The year had been a major success for the Beatles, global success had been achieved at a price one might add to the bands well-being and having issued two albums in the UK that year, a version of Beatles For Sale was prepared by Capitol for release in Mid December to land in teenage Christmas stockings that took a a good number of songs from that album issued in the UK around the same time adding their latest hit record, I Feel Fine and it's B side.

The stereo version is notorious for its terrible fake stereo versions of those two songs and at least here it sounds better although like the single it has echo not found on the UK 45.

Highlights include the Dylan influenced I'm A Loser, I'll Follow The Sun and a great cover of Carl Perkin's Honey Don't.

They come with a four page insert with notes and are even polylined although they have mock period inner sleeves.

Friday, 15 November 2024

Finishing off a series

 

Way back in 1991 when I was just on to my second ever compact disc player I started collecting a series issued by Emi-Premier called "The Greatest Hits of" and these were from 1970 through 1980 and then just the 1981 and 1982 editions.

Reasons included having a single year focus which was rare and having a commentary on the year politically, culturally and so on which made for a package that took you back in time to that year.

At the time I was unaware that they had a Sixties series issued in 1990 run the same way as back in 1988 I had bought the odd disc of 50's hits in a Emi "The Hits of" series that gathered over twenty hits and served them up on the then new cd media.
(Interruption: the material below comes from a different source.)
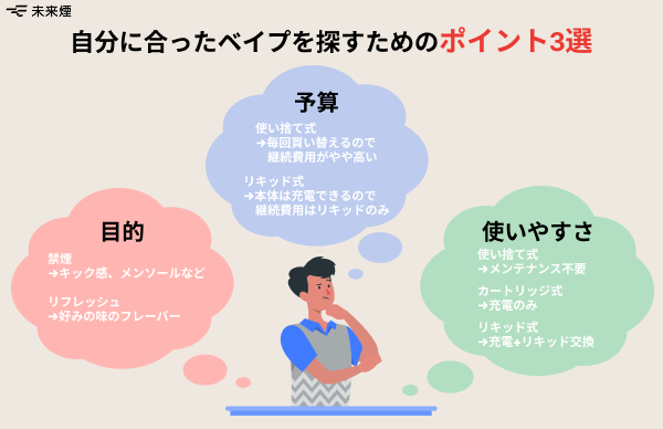 最後に、初心者が電子タバコ(ベイプ)を購入する際に押さえておきたい重要ポイント3つを紹介します。

In time I got some late 1960's volumes of the "The Hits of" series but that left me short on a good number of the others although I collected the "London-American" series that captured the American hits licensed from the late 1950's and early 1960's before many of the big labels established their own UK operations.

I have no got the 1960 through 1966 editions of "The Greatest Hits" that fill those gaps although I have a number of compilations that are not in a strict year sequence.

They have pictures of key artists and chart positions of songs which is always a good thing.


With spending time listening  to things like vintage chart shows on Boom Radio, having my own copies of many of the featured hits is highly enjoyable as this was the music I heard on oldies shows when on the radio usually feeling poorly.

They do sound great.

Friday, 8 November 2024

On Presidential Election 2024

 Well the best you can say it is all over now, no coup attempts in the White House, no assassinations (yet) despite the odds and general public decency The Trump out trumped Harris and at least on this side of the Atlantic well dealing with what is.

It's far too early to write the definitive blog entry, so much happens so rapidly but given they have a Presidential system, he'll be establishing a team of advisers to (one hopes) advise him around a range of issues from broad economic policy, the vexed question of migration (legal and otherwise), law including  reproductive rights that remains highly polarizing, dealing with entrenched racial discrimination and attitudes, foreign policy and defence and so on.

At some point the question of a State Visit to the U.K. will come up and I know there many of us who have grave misgivings about the man and some of his statements during the course but he WILL BE their Head of State, just like our King Charles III is so we need to put that behind us and deal with his as their representative and afford him a welcome.

Thank goodness we don't have all this!